Еще бы. В то время она действительно не представляла, как все это совместить. Пройдет совсем немного времени, и она об этом узнает. Но тот разговор с сестрой не забудется – он подготовит ее и к мгновенной капитуляции перед цесаревичем, и к частой смене любовников, он же научит ее быть жестокой с теми, кто ее любит…

Впрочем, это всего лишь один из примеров нашей с ней доверительной болтовни.

Иногда М. К. с князем Андреем Владимировичем принимались мечтать, что ей непременно следует сесть за книгу воспоминаний. Эти мечты очень воодушевляли Андрея Владимировича, он оживлялся, набрасывал заметки – о чем следует написать его жене…

А она исподтишка бросала на меня взгляды, и только мы с ней знали, что в этой парадной книге, которая виделась Андрею Владимировичу, не будет места озорству и забавным непристойностям, о которых знала я одна. Тогда я давала себе слово, что когда-нибудь непременно напишу совсем другую книгу о ней. Это будет ее книга – я просто запишу ее воспоминания. Конечно, не от первого лица, конечно, не указывая имени – только инициалы. Разве что иногда я буду называть ее так, как звали только самые близкие, – Маля.

Наверное, кто-то сочтет, что белоснежную мраморную статую я обливаю алой кровью или пачкаю черной смолой, но не сомневаюсь, что, когда книга будет закончена, она – М.К., Маля – прочтет эти страницы с удовольствием, а иногда, может быть, и прольет над моей рукописью слезу умиления.

Бургундия, Тоннер-Мулян, наши дни

Поезд шел до Тоннера два часа, останавливался чуть ли не у каждого столба, но оказался на редкость комфортабельным – с просторными купе, в которых могли поместиться сразу шесть человек.

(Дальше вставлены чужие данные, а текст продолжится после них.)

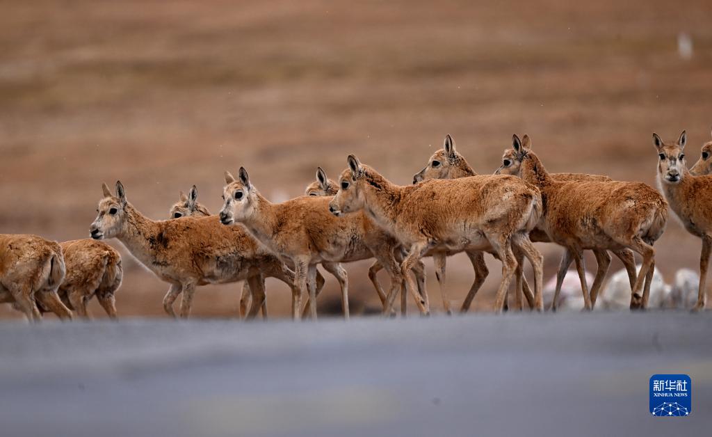 一群待產雌性藏羚羊在通過青藏公路前往可可西里卓乃湖產仔(5月28日攝)。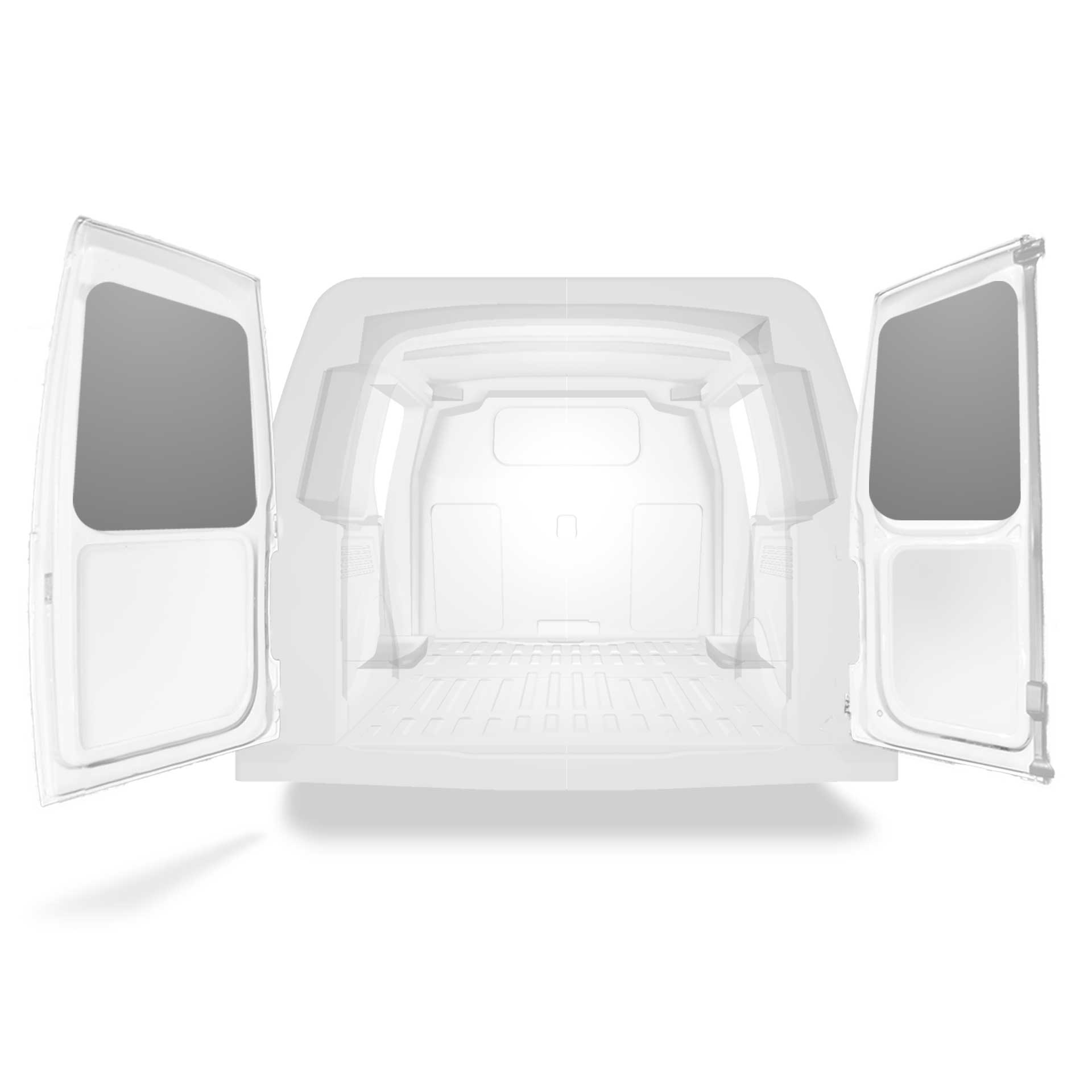 The rear door linings are designed and fabricated to fit in the sections of the rear door/tailgate of the vehicle to minimize weight. The liners protect the vehicle, create a bright working environment and are easy to wipe clean.

Народу было много, но Алене удалось найти купе, где поначалу сидела одна не слишком молодая дама. Когда наша героиня спросила, можно ли войти, дама окинула ее оценивающим взглядом, неприветливо кивнула в знак согласия и демонстративно отвернулась к окну. Алена, которая отнюдь не была болтушкой, не имела ничего против того, чтобы помолчать. Она достала из сумки «Воспоминания об М.К.» и с удовольствием погрузилась в чтение.

Вместо имени автора на обложке значились только инициалы – С. С. Может, загадка откроется по ходу повествования? В любом случае чтение обещает быть интересным, и можно только пожалеть, что книга такая маленькая – карманного формата, то, что теперь называют покетбуком, и вдобавок довольно тоненькая. По своей дурацкой привычке Алена сразу заглянула в конец и грустно вздохнула: в послесловии от издателя было сказано, что книга осталась недописанной по причине смерти автора. Тайна псевдонима тоже немедленно открылась – «Воспоминания об М.К.» оставила Серафима Серпан. Издание осуществил уже после войны ее супруг, француз.

Что же, приходится довольствоваться тем, что имеешь.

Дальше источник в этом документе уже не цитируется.